**Requirement:** The whole listing should be retyped word for word, apart from the pictures it holds.

**Available data:**
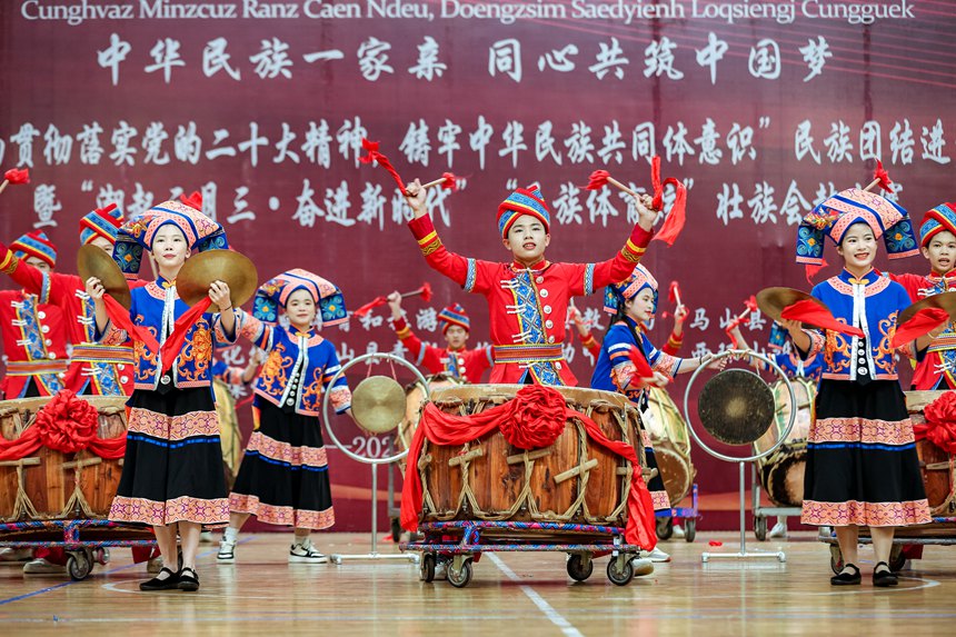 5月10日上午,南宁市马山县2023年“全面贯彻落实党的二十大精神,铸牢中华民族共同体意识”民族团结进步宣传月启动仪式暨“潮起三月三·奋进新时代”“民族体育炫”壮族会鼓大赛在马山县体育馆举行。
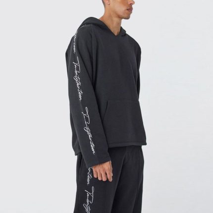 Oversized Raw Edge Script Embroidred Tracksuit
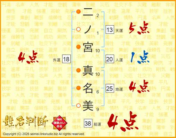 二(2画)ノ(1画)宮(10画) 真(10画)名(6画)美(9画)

**Response to the task:**
 5月10日上午,南宁市马山县2023年“全面贯彻落实党的二十大精神,铸牢中华民族共同体意识”民族团结进步宣传月启动仪式暨“潮起三月三·奋进新时代”“民族体育炫”壮族会鼓大赛在马山县体育馆举行。
 Oversized Raw Edge Script Embroidred Tracksuit
 二(2画)ノ(1画)宮(10画) 真(10画)名(6画)美(9画)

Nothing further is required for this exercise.